NewAmsterdam Pharma Company N.V. (NAMSW): Mission and Values
NewAmsterdam Pharma Company N.V. (NAMSW) focuses on developing oral therapies for metabolic and cardiometabolic diseases, with a core strategic objective of lowering low-density lipoprotein cholesterol (LDL‑C) to reduce cardiovascular risk. The company's approach centers on differentiated small molecules designed for daily outpatient use, targeting populations inadequately controlled on existing therapies or intolerant to them.- Mission: Develop accessible, effective LDL‑C lowering medicines to reduce cardiovascular events and improve patient outcomes globally.
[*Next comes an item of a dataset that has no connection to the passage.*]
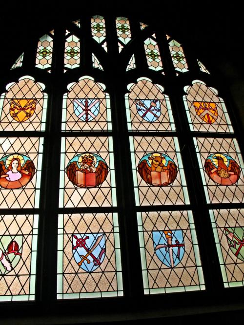 ステンドグラスには、獅子、雄牛、鷲、天使、そして戦いの象徴である剣、鉾、盾の図柄が嵌め込まれている。
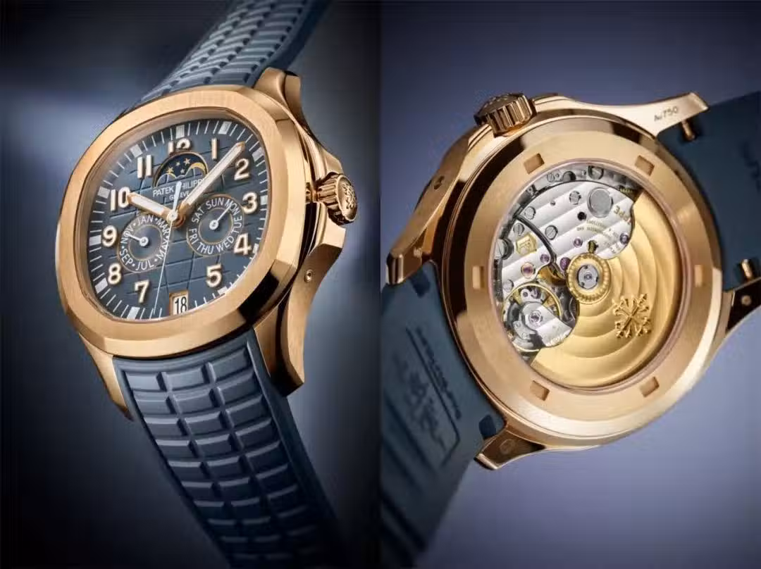 18K玫瑰金表殼,表徑39.9毫米,藍灰色面盤綴以 Aquanaut 凸紋圖案,時、分、中心大秒針、日期星期月份年曆顯示、月相,26-330 S QA LU自動上鏈機心,動力儲能35~45小時,21K金擺陀,Gyromax®擺輪,Spiromax®遊絲,藍寶石水晶玻璃鏡面及底蓋,防水30米,藍灰色復合物料錶帶附18K玫瑰金百達翡麗專利摺疊扣,售價約合人民幣41萬元。

- Values: Patient-centricity, scientific rigor, strategic partnerships, cost-effective development, and commercial readiness.
- Therapeutic focus: Target metabolic diseases, principally LDL‑C reduction to lower cardiovascular risk.
- Lead candidate: obicetrapib - an oral, low‑dose, once‑daily CETP inhibitor in multiple Phase 3 trials.
- Clinical strategy: Evaluate obicetrapib as monotherapy and in combination with ezetimibe to maximize LDL‑C lowering.
- Commercial strategy: License and co‑commercialize regionally (e.g., Menarini partnership for Europe) to accelerate market entry and scale.
- Manufacturing: Invest in manufacturing capabilities to support potential launch upon regulatory approval.
- Financial runway: Maintain strong liquidity to fund pivotal trials and early commercialization activities.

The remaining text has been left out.